No offence and of course you understand this, but I think that any real map of Pre-Indo-European European language families would make this seem comically innacurate. It isn't your fault, since a realistic map of these things is probably impossible to make. Academics have made serious years-long attempts using toponyms and either come out very confused or caused endless arguing and dismissals with their hypotheses.
You could even add Afro-Asiatic languages in Northwestern Europe based off this guy's speculations.
This map probably has a similar level of accuracy to those "Finno-Korean hyperwar" maps people make as a joke, not just "not 100% accurate".
With things like the Tyrsenian languages, their speakers had spent a couple thousand years inside of European cultural complexes emanating from other nearby areas of Europe (if native to Europe at all). Also the Rhaeti were in the Alps and spoke such a language, how likely is it they even originated in Italy and not somewhere else in Europe, their language tagging along with steppe invaders and later cultural spread?
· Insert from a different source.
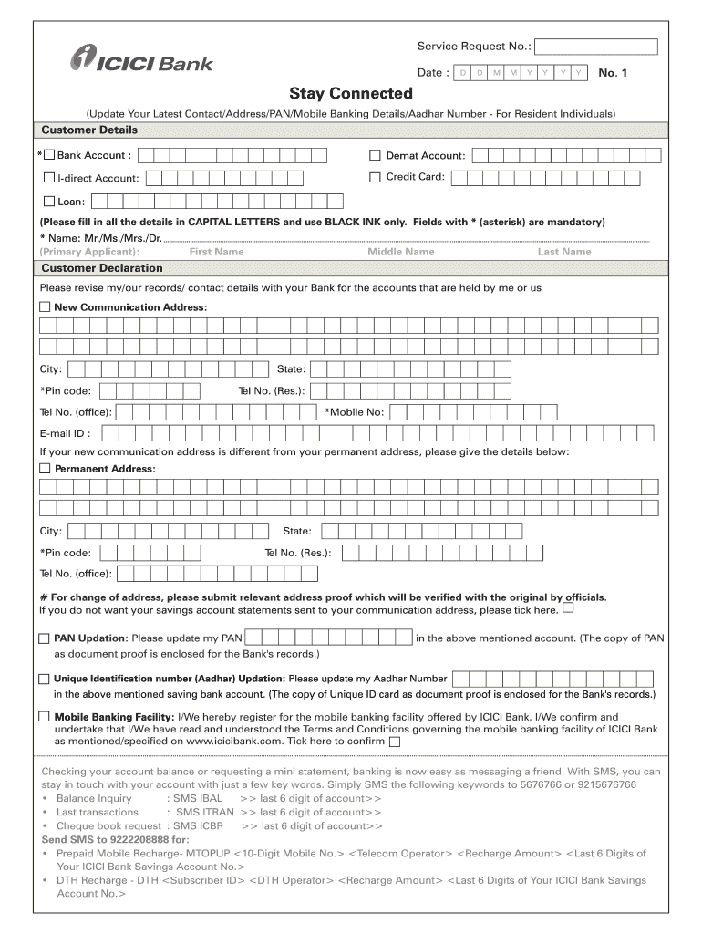 10.Finally, if required, submit the completed form through the appropriate ICICI Bank channel, or print it out for physical submission.

Villanova culture (Etruscans) is considered to be derived from/part of the Urnfield archeological cultural complex (also gave rise to the Hallstatt Celtic-speakers), which has common burial practices and gold priestly hats with solar motifs (like the Berlin Gold Hat, very distinctive and ritual-looking) so there must have been some cultural commonality. Genetically many individuals found among the Etruscans seem similar to others in the Italian peninsula around them when tested. Some people in Antiquity argued that the Etruscan language and relatives
came from Anatolia into Italy, but after the Indo-European invasions. Even modern academics have argued over it due to Herodotus and others claiming this (generally agreeing ancient sources are not very reliable albeit).
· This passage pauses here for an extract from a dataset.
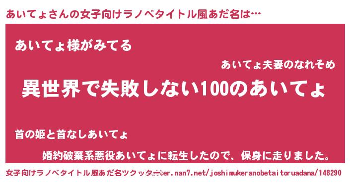 | 男性向けラノベタイトル風あだ名 | 『あいてょという概念が存在しない退屈な世界 』 |

Also when Romans arrived in Iberia there were multiple seemingly-unrelated languages, Basque, Iberian, Tartessian etc. Not only does this make your depiction of Iberia unlikely to be realistic, but I have a feeling that pretty much all of Europe (especially with its mountains and peninsulas that keep it divided linguistically and politically in the modern era) would be a patchwork of unrelated or seemingly-unrelated families, kind of like the Precolumbian Americas or Papua New Guinea. Furthermore even a map of Iberia's languages immediately before Roman conquest might not be representative of the peoples living there almost 2000 years prior, as the paternal lineages of these people (Y-chromosome haplogroup) show they more than encountered Indo-Europeans. Basques would be primarily something like G2a, J2 or I2 instead of R1b if this wasn't true I imagine (even if they retain their language isolate, aspects of a matrilineal social structure and some genetic/blood type uniqueness).
The substrate in Finnish is known to be quite unique and the words are not even found in Estonian but from whatever extinct language was in that particular part of Northeastern Europe at the time when the ancestors of Finns turned up in their bogs and forests. The Saami/Lapps have a different identified substrate.
Also there is some debate as to how much the pre-Germanic substrate is even a thing and to what degree the Germanic languages just have weird vocabulary/word etymologies.
Also, is there any evidence whatsoever Pelasgians and Minoans were related in language?